PAWSED: PAWS may just save your life one day. It stands for Portable, All-Terrain, Wireless System — a lightweight night and day camera that straps on to a search and rescue dog and sends a wireless signal back to a human controller nearby. A trained dog can search through rubble or a collapsed building, while a rescue commander can watch what it sees. An infrared view can cut through dark spaces, Once the dog locates someone who's trapped the rescue team can go in. The UK makers had to source a camera that weighed even less than a standard helmet cam so a dog could wear it. Does the dog get a helmet too? Details at BBC.
JUST BREATHE: European scientists are developing biosensors that can detect the presence of tumour markers of lung cancer in exhaled breath. Our breath contains all kinds of organic compounds, and cancer doesn't have a single marker. Instead several compounds together can betray it. Tecnalia developed novel materials sensitive enough to detect the compounds medical teams are interested in. Being able to detect tumours early improves the chances of being cured. Sensitive materials, eh. Like a dog's nose? Tecnalia has more.
WALKABOUT: Ekso Bionics hope their new exoskeleton can help people with paraplegia to walk on their own. It's intended for medical facilities where people can be supervised while they train to use it. A physiotherapist helps control the device with a remote, while the human inside it needs to learn to balance their upper body. In case you think this sounds familiar, Ekso were previously called Berkeley Bionics. If you can walk unassisted now, don't take it for granted. More information here.
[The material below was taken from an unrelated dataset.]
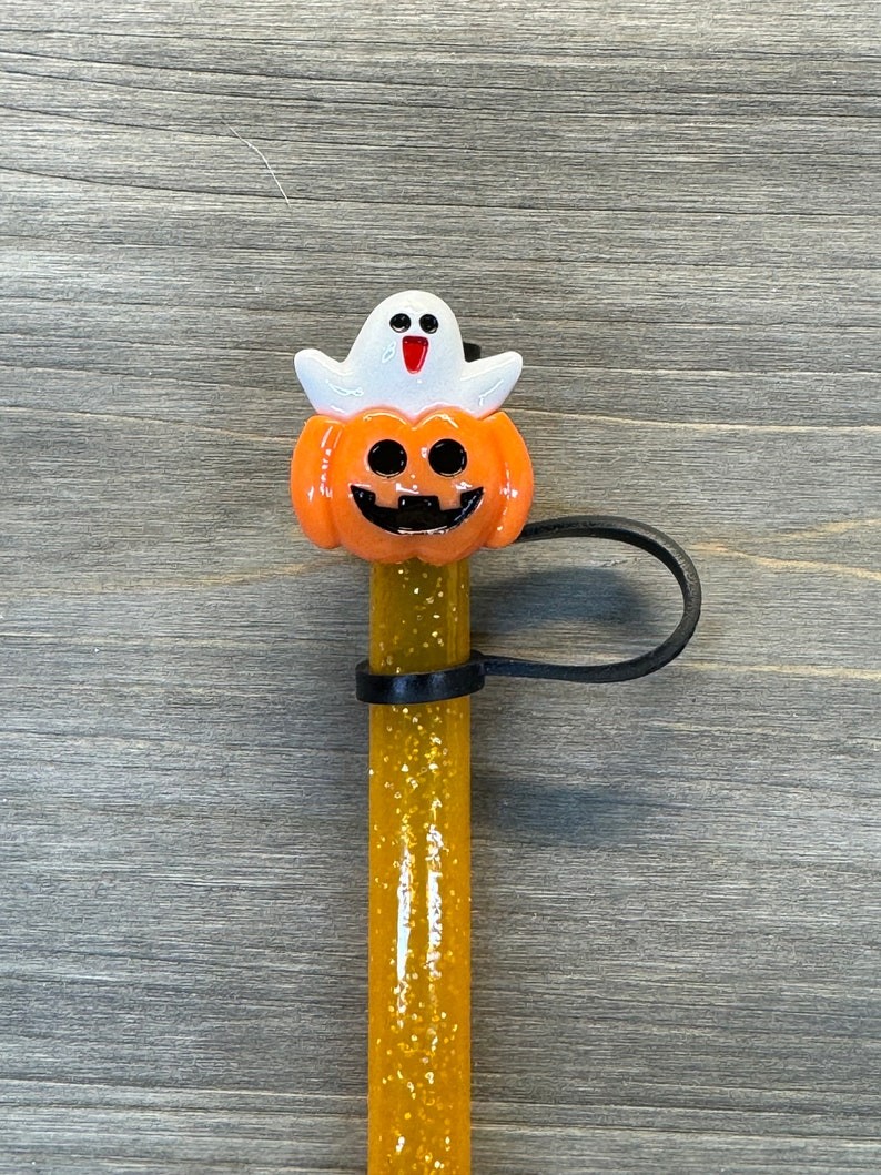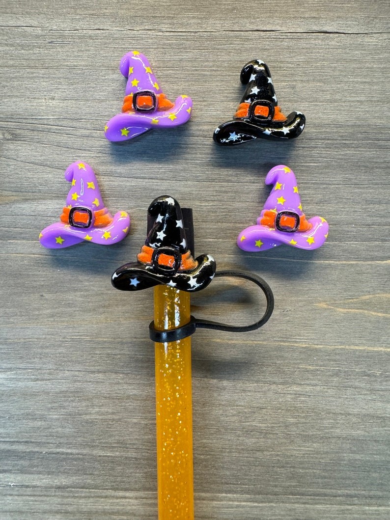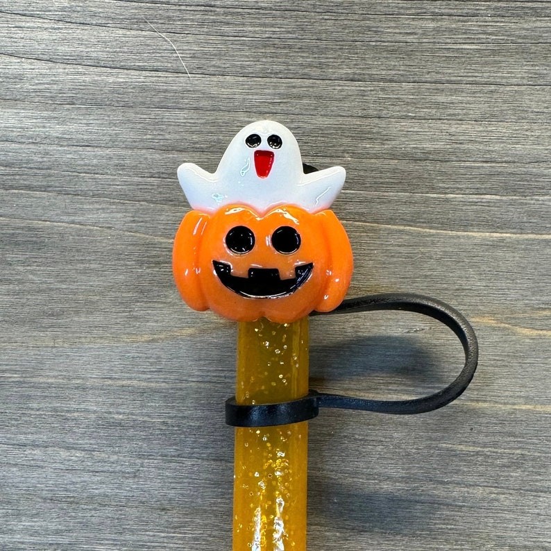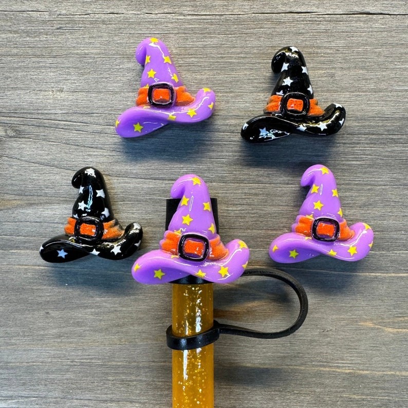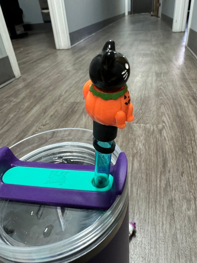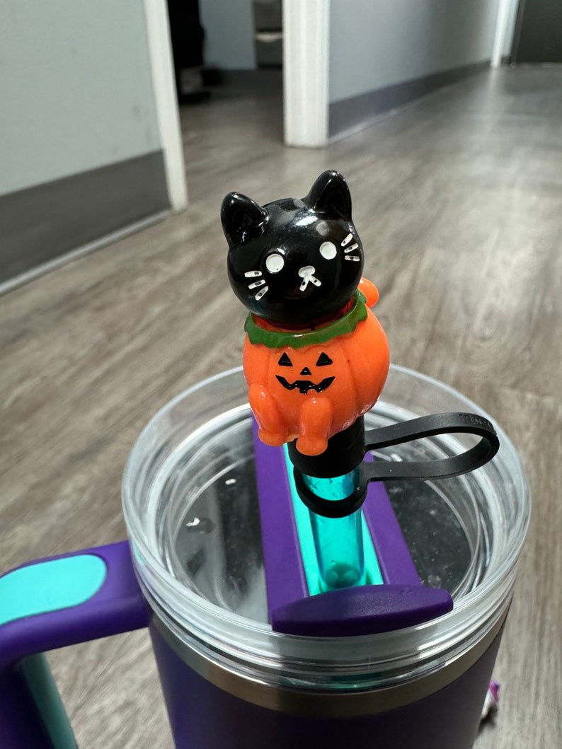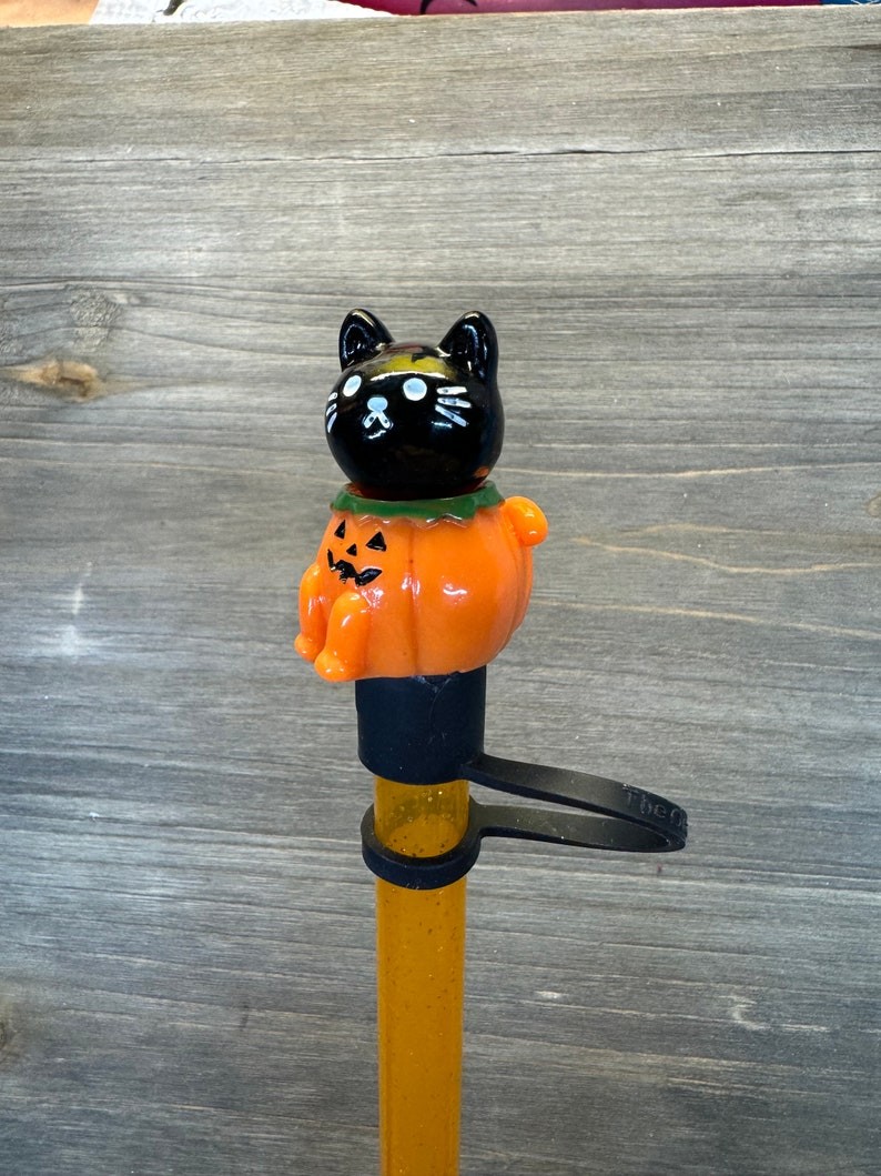 Halloween Straw Cap,Candy Corn Straw Cap,Cat in Pumpkin,Halloween Accessories Straw Toppers Cup Accessories

SHIFTING SANDS: Teaching robots to walk on a hard surface is tricky enough. On sand it's enormously more difficult because sand shifts, and the feet sink in. Engineers from Tohoku University in Sendai, Japan, have been studying how a small model robot foot walks in sand. They plan to use this data for full-size robots. Eventually they hope to help robots walk on any kind of sand or loose soil. ANd maybe it could be applied to exoskeletons too. New Scientist has more.
EVERYONE KNOWS WHERE YOU ARE: The US Government runs the current Global Positioning System, and that introduces problems of a political nature. Now China has its own version of GPS in operation. Beidou make available location, timing and navigation data in China and surrounding areas. 10 satellites are currently in orbit for Beidou, while another half dozen should launch soon. Then the network will be doubled over the next few years. Beidou should be correct to within 10 metres for civilians, but the Chinese military can access more accurate data. What's good for everyone is that the system is compatible and interoperable with the world's other navigation systems. Meanwhile the European system called Galileo should be up and running in a few years. Location, location, location. BBC has more.